Following the brief a capella ‘Preamble’, an invitation to “come lift up your voices”, things get under way proper with the traditional ‘The Bird’s Courting Song’, a three-part seventeenth-century children’s nursery rhyme from the Appalachians that features Jess on flute and comes with a “towdy, owdy, di-do dum” chorus. Hannah provides the violin-driven tune for the waltzing ‘The Maid Of The Mill’, a traditional eighteenth-century ballad, supposedly about Mary Leonard, a Hertfordshire lass who spurned any number of admirers before finally marrying, the words penned by the local curate, one of the unsuccessful suitors, with Drinkwater on double bass.

The traditional seam continues to be mined with their arrangement of ‘Sweet William’s Ghost’, Jess providing the tune for this cut up lyric tale of a woman being visited by her lover’s ghost and being invited to share his grave, the vocals given a simple dulcimer backing.

Another nod to the trio’s playful nature, next up is an unaccompanied cover of Tom Paxton’s quirky children’s song, ‘Jennifer’s Rabbit’, then, again featuring Drinkwater, it’s back to the traditional meadow with another three-part harmony showcase in ‘The Bonnie Earl O’Moray’, a traditional Scottish ballad about the murder of James Stewart, the titular earl, by his arch rival, the Earl of Huntly, in 1592, supposedly because the former was accused of plotting against King James VI. Interestingly, the line about him being laid upon the green gave rise to the term Mondegreen, meaning a misheard song lyric that changes the meaning, on account of the American writer Sylvia Wright hearing it as ‘Lady Mondgreen’ and assuming it to be his lover.

The first of the original material comes with ‘Polly Can You Swim?’, co penned by Distill and Pilkington and featuring Andrew Simmons Elliott as the sailors chorus, a sprightly sea shanty rather at odds with its words about accounts of women being thrown overboard for fear of them placing curses on ships. Of course, testing by sink or swim was also applied to witches and, sure enough, it’s followed by Distill’s particularly grisly ‘Black Annis’ based on the Leicestershire legend of a child-eating witch told by parents to keep their kids in after dark, Jess taking lead against the harmonies and accompanied by a vocal drone.

Keeping things dark, piano accordion introduces the traditional American murder ballad, its drone complemented by dulcimer in an otherwise a capella reading of ‘In The Pines’ inspired by recordings by both Lead Belly and Nirvana before Hannah’s spare mandolin makes its appearance in the final stretch.

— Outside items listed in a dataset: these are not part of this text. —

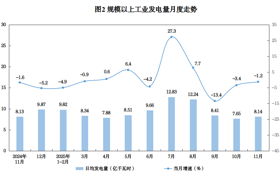 电力生产小幅下降,与上月相比降幅收窄。11月份,规模以上工业发电量244.30亿千瓦时,同比下降1.2%,降幅比10月份收窄2.2个百分点,日均发电8.14亿千瓦时。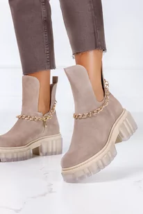 Beżowe botki na platformie z łańcuszkiem POLSKA SKÓRA Casu 30065-41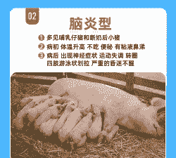 猪传染性脑脊髓炎由病毒科肠道病毒属引起,侵害中枢神经系统,引起感觉过敏、震颤、肌肉抽搐和肢体麻痹。

Spirits are suitably raised with a return to native soil and an unaccompanied version of the erotic euphemistic Norfolk reel ‘The Bird In The Bush’, otherwise known as ‘Three Maids A-Milking’, ahem, from whence comes the album title. Pilkington’s contribution to proceedings is ‘Take The Night’, a sprightly strummed acoustic and violin-coloured tale based on the legend of a Hertfordshire highwaywoman, Cleverley joining them on banjo, the album then closing with a fine unaccompanied take on Richard Farina’s ‘Quiet Joys Of Brotherhood’, learned at the request of the late Dave Swarbrick when they supported him in 2015.

Maybe it’s just the time of the year, but there’s a crispness and ambience to the album that conjures bracing winter mornings and nights around the fire, but really, this is an album for all seasons.